A scattare la fotografia del settore è l'edizione di luglio 2016 dell’Osservatorio Congiunturale sull’Industria delle Costruzioni, pubblicato dall'Associazione dei costruttori edili (Ance).

L’aspettativa di ripresa del settore delle costruzioni motivata dal cambio di segno di alcuni indicatori e dalla fiducia in un effettivo rilancio degli investimenti pubblici in infrastrutture, emersa a fine 2015, non ha trovato piena conferma nella prima parte dell’anno in corso.

L’Ance, in ragione di tale aspettativa di miglioramento, nell’Osservatorio congiunturale sul settore delle costruzioni di dicembre scorso, aveva formulato una previsione di crescita degli investimenti in costruzioni nel 2016 dell’1,0% in termini reali, dopo otto anni di crisi ininterrotta che ha ridotto il livello degli investimenti in costruzioni del 34,9%.

L’inversione di segno era guidata principalmente da una stima di crescita dei livelli di attività del comparto dei lavori pubblici dell’ordine del 6% in quantità rispetto all’anno precedente. Tale previsione, elaborata tenendo conto delle potenzialità derivanti dalla cancellazione del patto di stabilità interno e dall’applicazione della clausola di flessibilità per gli investimenti pubblici (0,3% del Pil, pari circa 5 miliardi di euro), oggi non sembra più raggiungibile. La nuova stima ridimensiona a +0,4% in termini reali (+1,4% in valori correnti) la crescita in opere pubbliche.
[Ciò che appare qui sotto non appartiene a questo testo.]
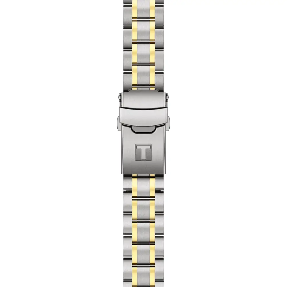 The Tissot Seastar 1000 Chronograph T120.217.22.061.00 blends professional diving performance, durability and Swiss precision in a compact 38 mm steel case. The two-tone PVD bracelet and refined grey dial give the watch a sporty yet versatile character suitable for everyday wear.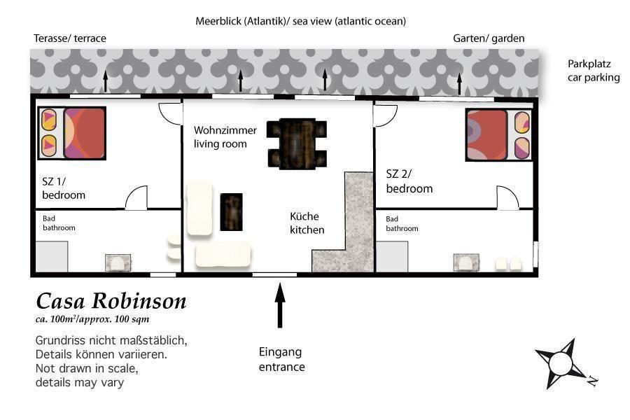The outdoor area of the accommodation is truly a jewel. A secluded terrace invites you to enjoy unforgettable sunsets, surrounded by a lovingly landscaped garden with Canarian plants, which extends over 1500 m². Here you can feel completely undisturbed and enjoy nature to the full.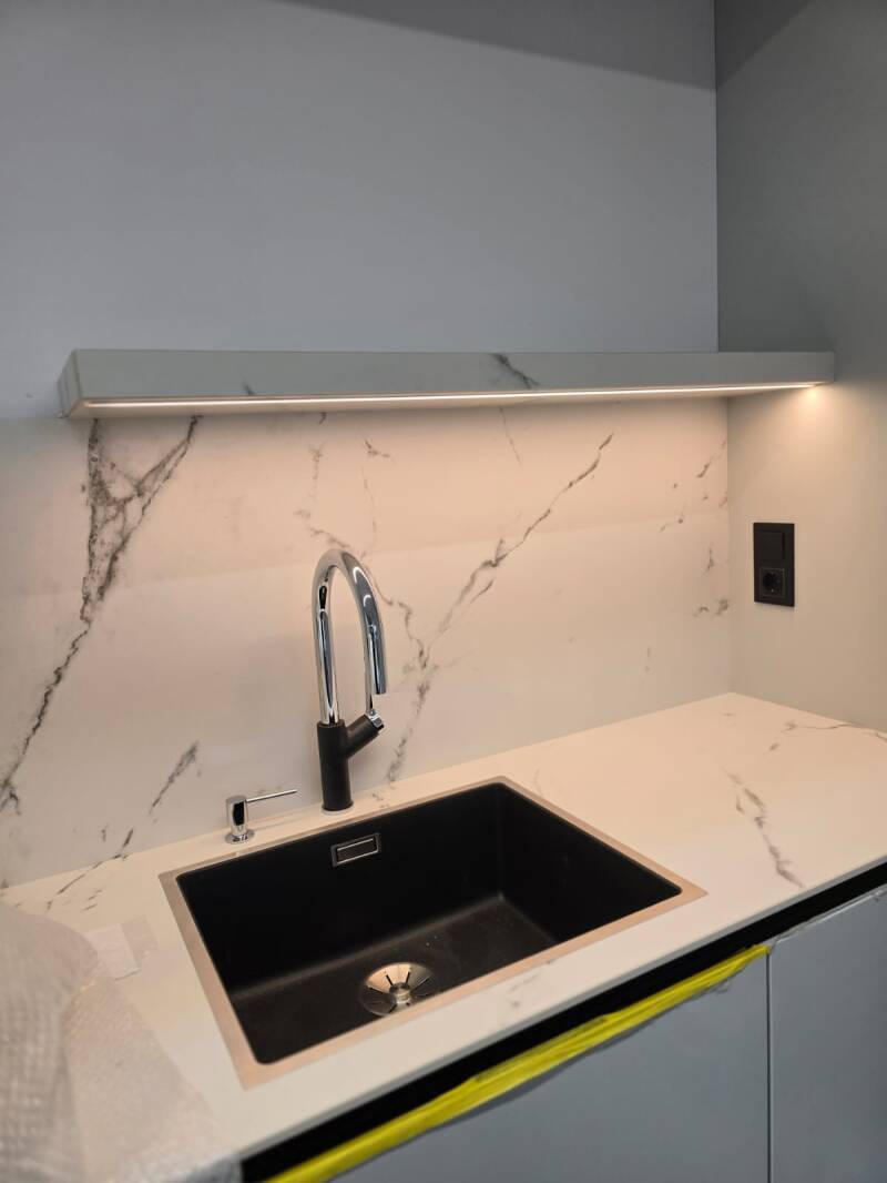 En esta etapa avanzaremos con el armado e instalacion de los muebles altos y bajos de las cocinas, instalacion de griferias para pileta, cortado de encimeras, instalacion de electrodomesticos e instalacion de la isla de cocina.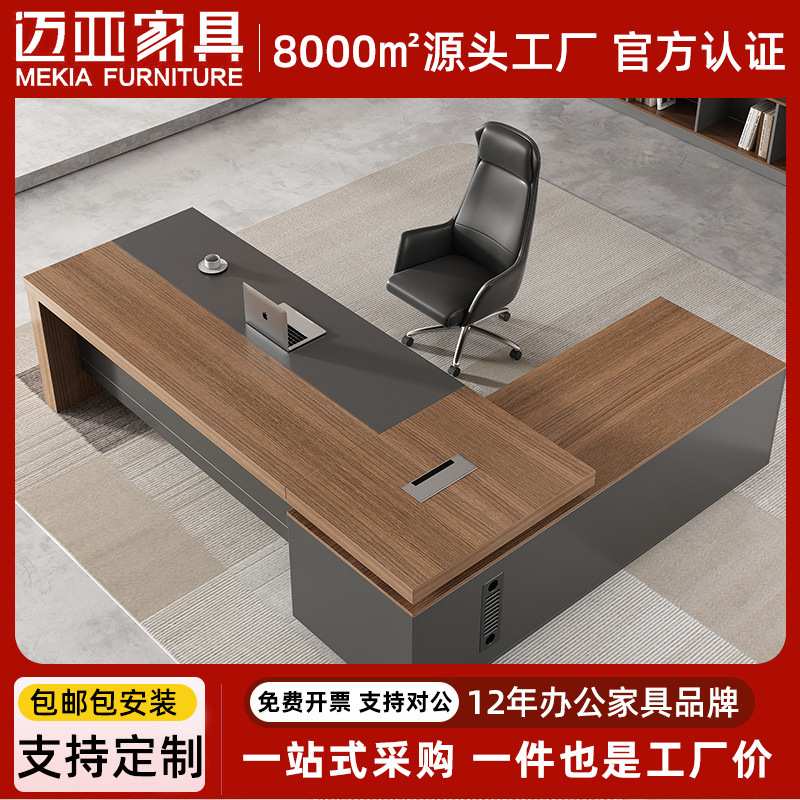 现代商务办公桌感总裁老板桌时尚大班台板式电脑桌1人位现代简约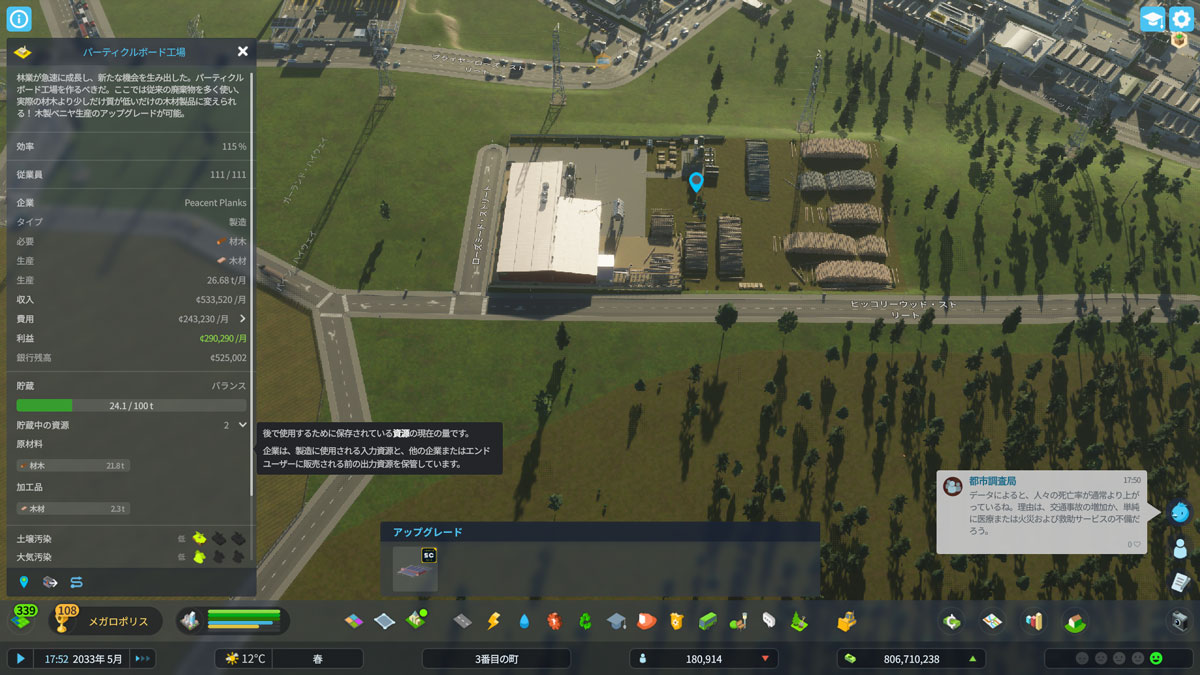 とはいえ、今後の都市開発で何かに使うはずですし、在庫として持っておくことに意味はあるでしょう。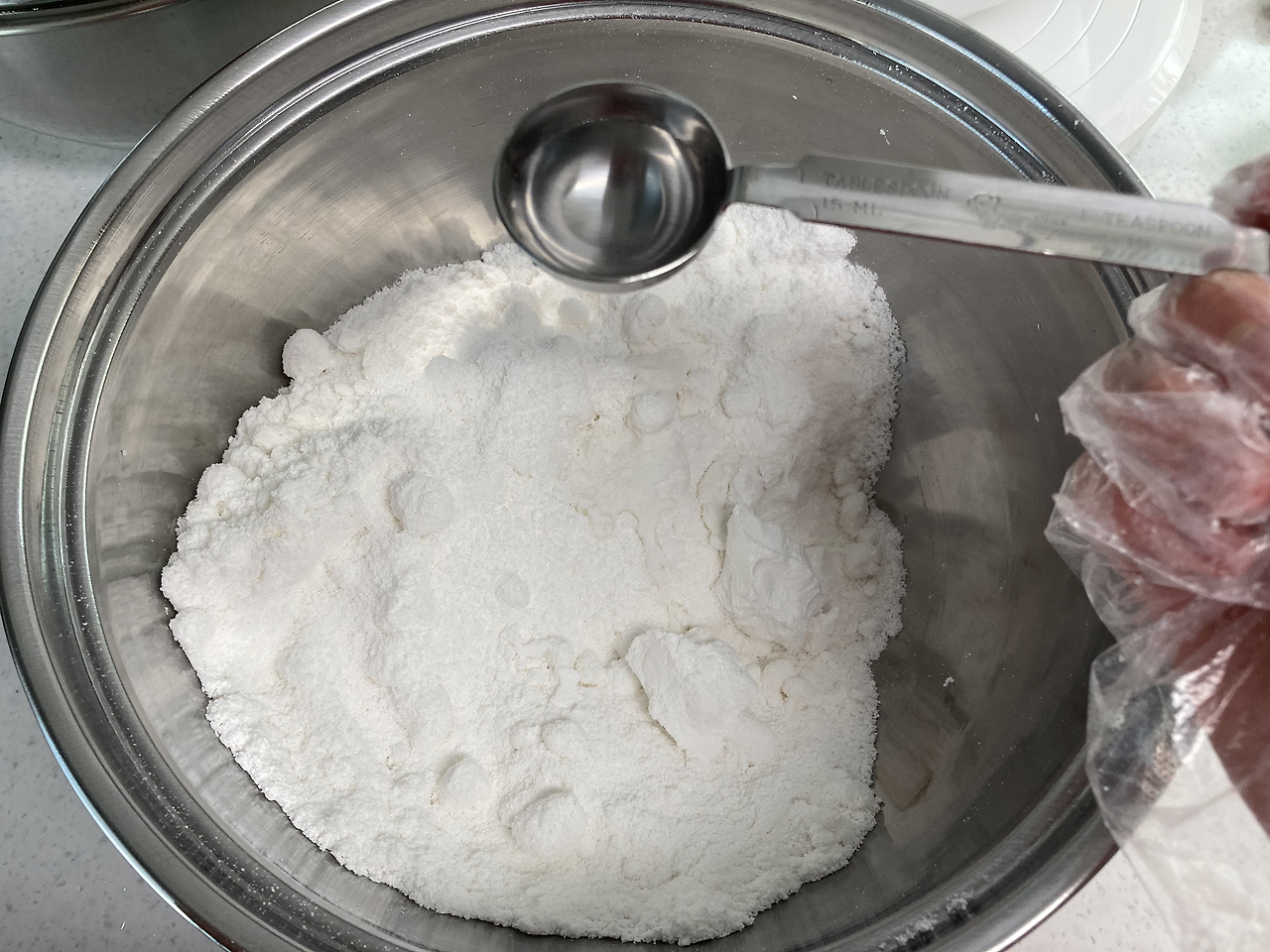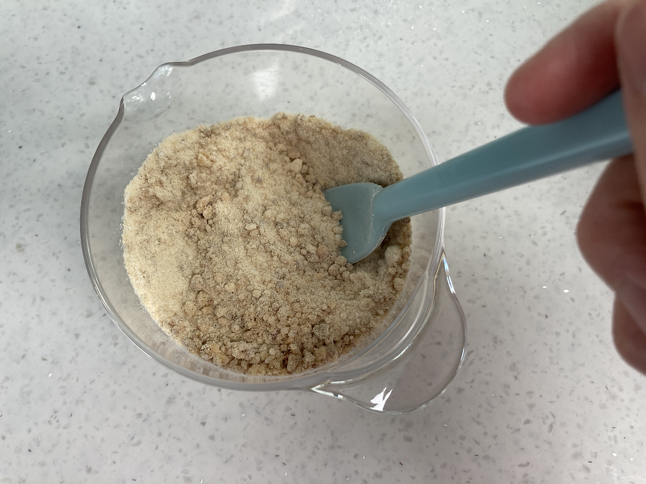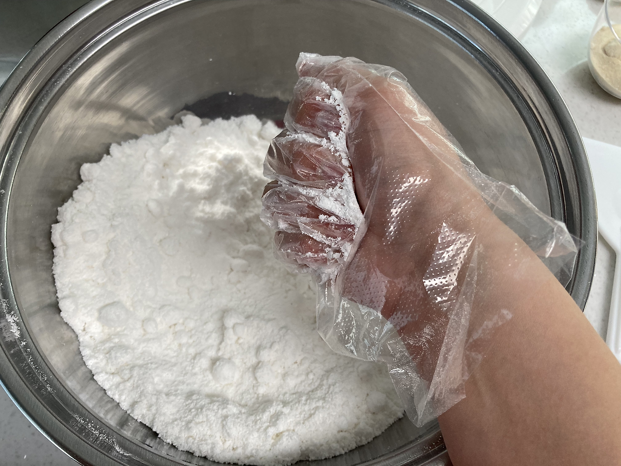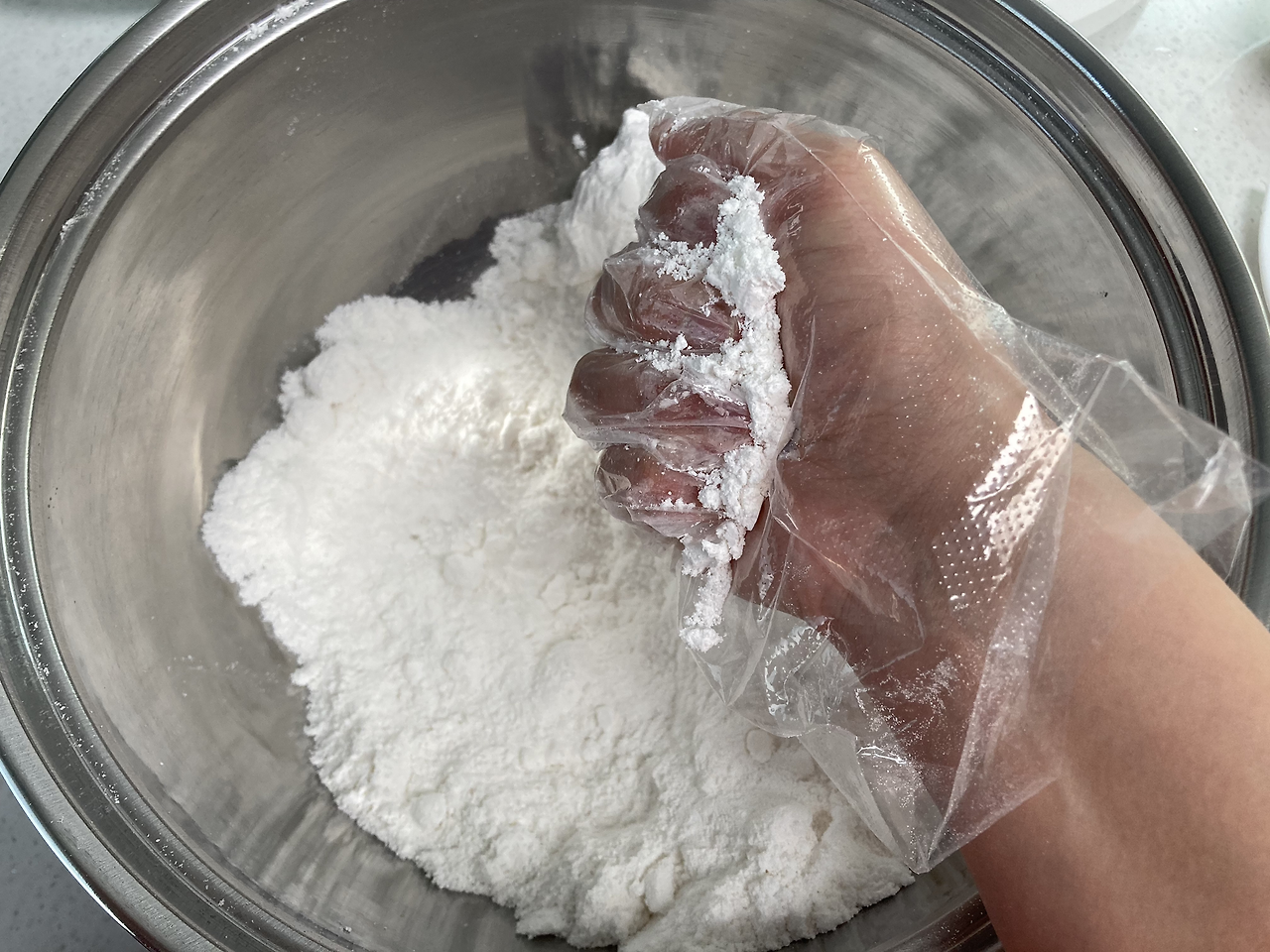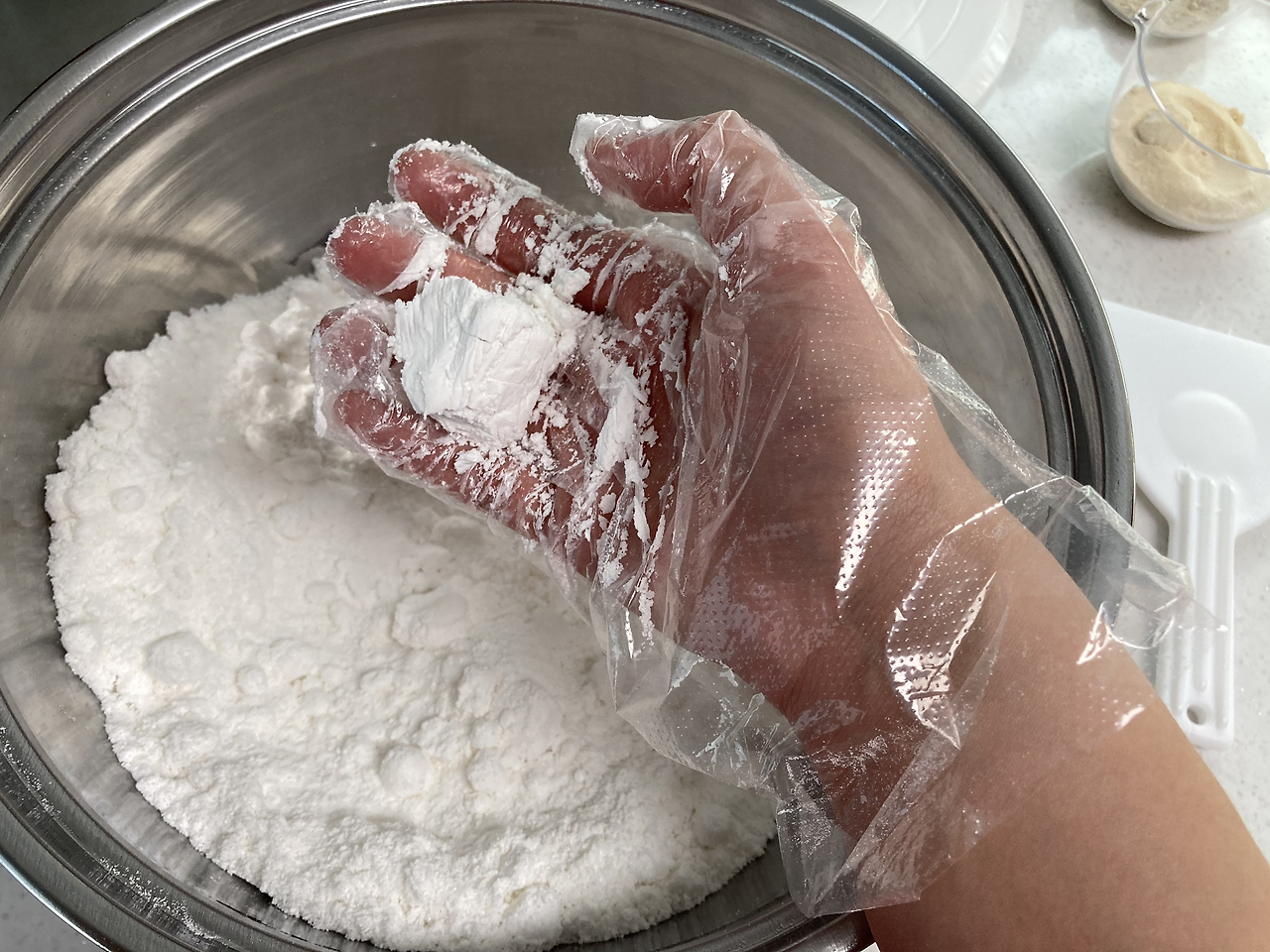 8) 설탕을 넣을 차례. 쌀가루에 넣은 후 골고루 믹스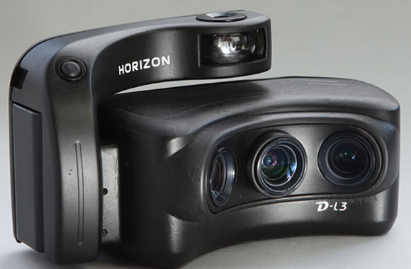 這款由俄羅斯相機大廠Zenit公司與意大利大中幅相機生產公司Silverstri聯手推出的Horizon D-L3,集成了三枚500萬像素的感光元件以及三支28mm f/3.5的定焦鏡頭,并搭載了一枚4.3英寸的LCD顯示屏,支持SDHC存儲卡。
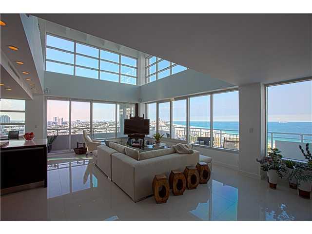 UNIT IS OFFERED TURN KEY, DESIGNER DECORATED AND FURNISHED. One of a kind South Beach DUPLEX PENTHOUSE! This extraordinary 3 bedroom 3 bath 2,779 sq ft "Residence in the Sky" features 20 ft. ceilings and open loft like space. An additional 600 sq ft of outdoor space from 3 terraces. Gourmet kitchen with stainless steel Miele, Sub Zero and Viking appliances. Magnificent open views of Atlantic Ocean, South Beach & Gov't Cut. Full Service Building with 2 tennis courts, pool and fitness center. Must see!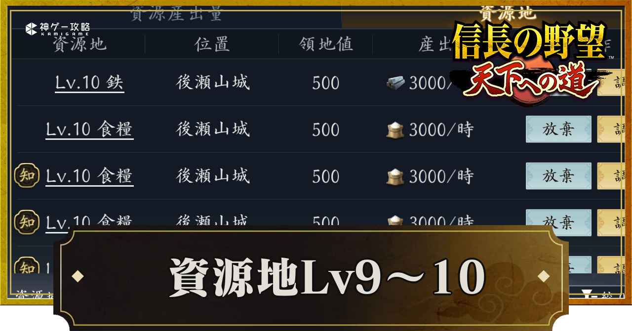 『信長の野望 天下への道』(信長天下道)の資源地Lv9~10を紹介。資源地レベル9~10の取り方や場所、おすすめの編制(編成)についても掲載しているため、信長天下道で資源地獲得を進める際の参考にどうぞ。

AUMENTO TENDENZIALE DEGLI INVESTIMENTI IN COSTRUZIONI DELLO 0,3%. In questo contesto lo scenario formulato dall’Ance per l’anno in corso è di un aumento tendenziale degli investimenti in costruzioni dello 0,3% in termini reali (+1,3% in valori correnti). Si tratta di un aumento trascurabile, del tutto insufficiente a creare condizioni di effettiva ripresa per un settore stremato da una crisi senza fine.

La nuova previsione tiene conto di un peggioramento delle valutazioni delle imprese associate Ance, espresse nell’indagine rapida svolta nel mese di aprile 2016. A ciò si aggiungono gli indicatori settoriali che si stanno rendendo via via disponibili, riferiti ai primi mesi dell’anno in corso, deludenti ed in controtendenza rispetto alle attese.

L’indice Istat della produzione nelle costruzioni nei primi quattro mesi del 2016 è stato caratterizzato da un andamento altalenante, dopo che a fine 2015 aveva manifestato primi segnali positivi. Il dato, ancora provvisorio, di aprile (+3%) determina un risultato del primo quadrimestre in crescita dello 0,4% rispetto allo stesso periodo dell’anno precedente che, comunque, letto insieme agli altri indicatori settoriali, non allontana il timore che sia a rischio la ripresa del settore.

Nel primo trimestre 2016 prosegue, inoltre, il calo degli occupati nel settore, che si riducono del 3,5% rispetto allo stesso periodo dell’anno precedente. Il bilancio complessivo dei posti di lavoro persi nelle costruzioni dall’inizio della crisi continua ad aumentare: dal quarto trimestre 2008 al primo trimestre 2016 dal settore sono usciti 580.000 occupati, con una flessione in termini percentuali del 29,3%. Tenendo conto anche dei settori collegati alle costruzioni si stima una perdita complessiva di circa 800.000 unità.

Tra il 2008 ed il 2014, le costruzioni hanno sperimentato una notevole contrazione del tessuto produttivo, con una fuoriuscita dal sistema di oltre 100.000 imprese, che corrisponde ad un calo in termini percentuali del -16%. Un dato molto grave, ma che nasconde una condizione, se possibile, ancora più compromessa. Gli effetti della lunga crisi hanno penalizzato oltremodo le imprese più strutturate, quelle con più di un addetto.

Tra il 2008 e il 2014, le imprese con un numero di addetti compreso tra i 2 e i 9 si sono ridotte di oltre un quarto (-26,9%). Ancora peggiore l’andamento delle medie imprese nella classe fino a 49 addetti: in questa categoria ha cessato l’attività il 40% delle imprese. Delle imprese più grandi, con più di 50 addetti, sono scomparse dall’attività quasi un terzo (-31%).